### Collected data
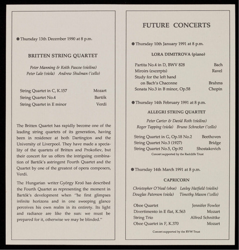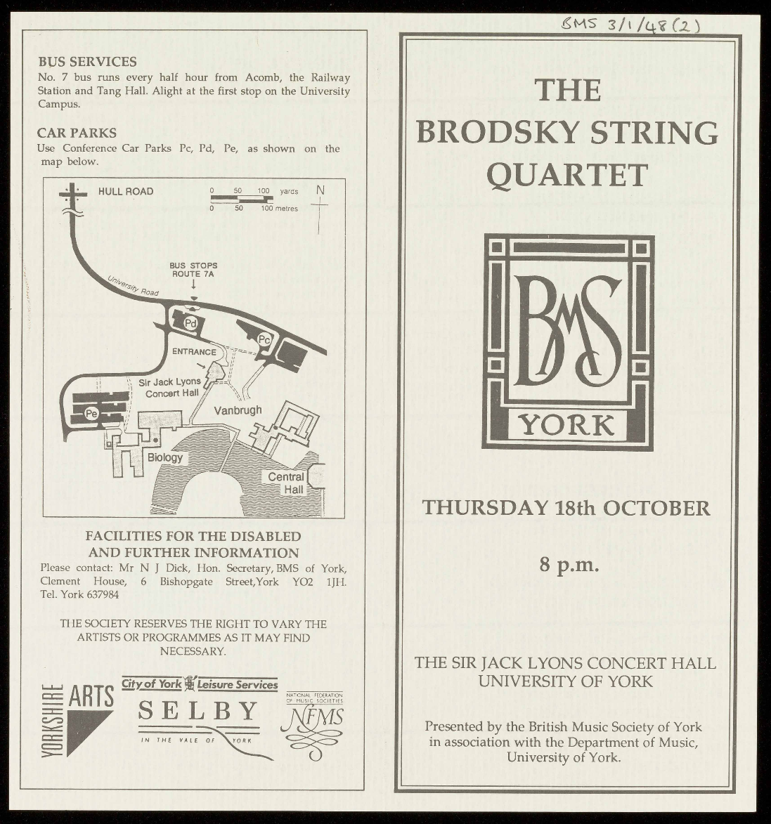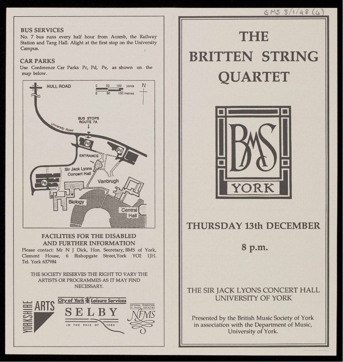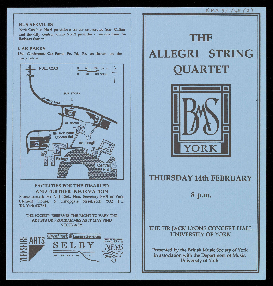 PRESENTED BY THE BRITISH MUSIC SOCIETY OF YORK
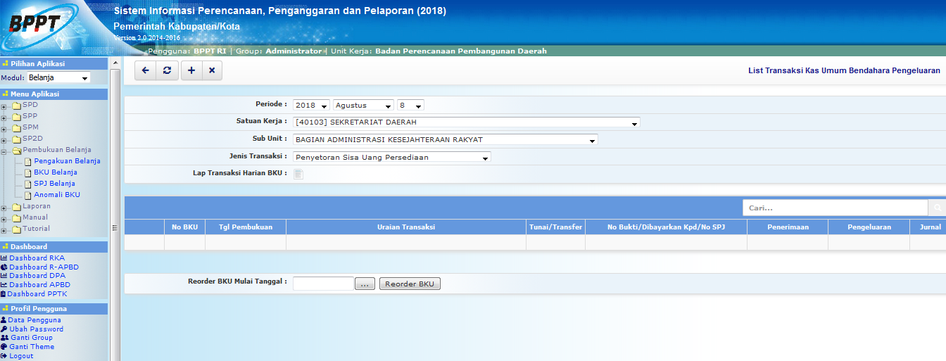 • Pilih Modul Belanja > Pembukuan Belanja > BKU Belanja Pilih satuan kerja, sub unit bila ada Pilih jenis transaksi Penyetoran Sisa Uang Persediaan tampak gambar berikut :
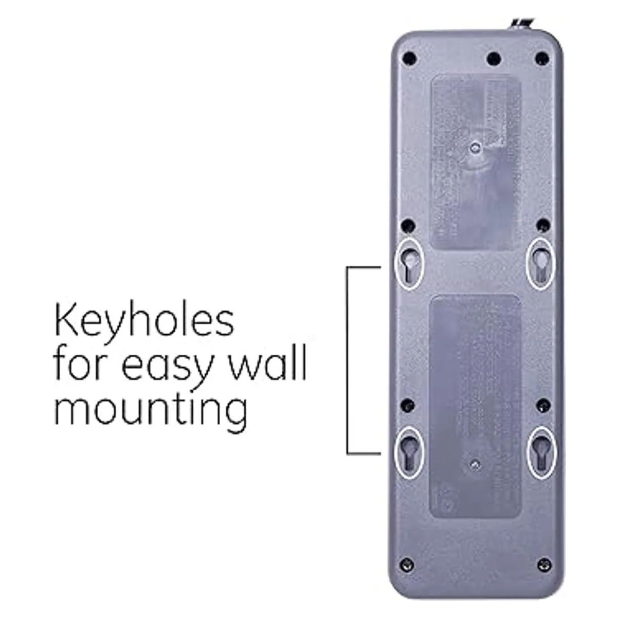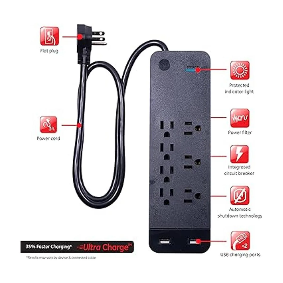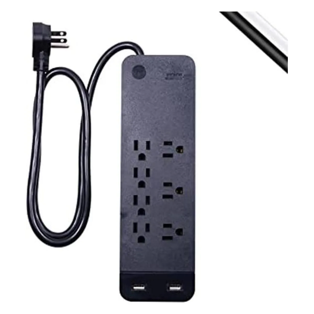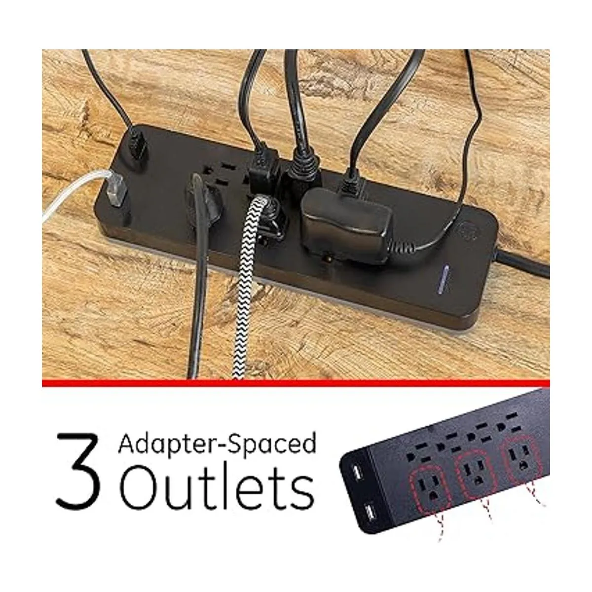 GE Pro 37054 Protector de sobretensión de 7 tomas, 2 puertos USB, cable de extensión de 3 pies, 1780 julios, 2.1 amperios10 vatios, 3 enchufes espaciados adaptadores, enchufe plano, montaje en pared, garantía, certificación UL, negro, 37054

### Exercise details
Every line of the material must be returned verbatim, and pictures must be left behind.

### Task result
 PRESENTED BY THE BRITISH MUSIC SOCIETY OF YORK
 • Pilih Modul Belanja > Pembukuan Belanja > BKU Belanja Pilih satuan kerja, sub unit bila ada Pilih jenis transaksi Penyetoran Sisa Uang Persediaan tampak gambar berikut :
 GE Pro 37054 Protector de sobretensión de 7 tomas, 2 puertos USB, cable de extensión de 3 pies, 1780 julios, 2.1 amperios10 vatios, 3 enchufes espaciados adaptadores, enchufe plano, montaje en pared, garantía, certificación UL, negro, 37054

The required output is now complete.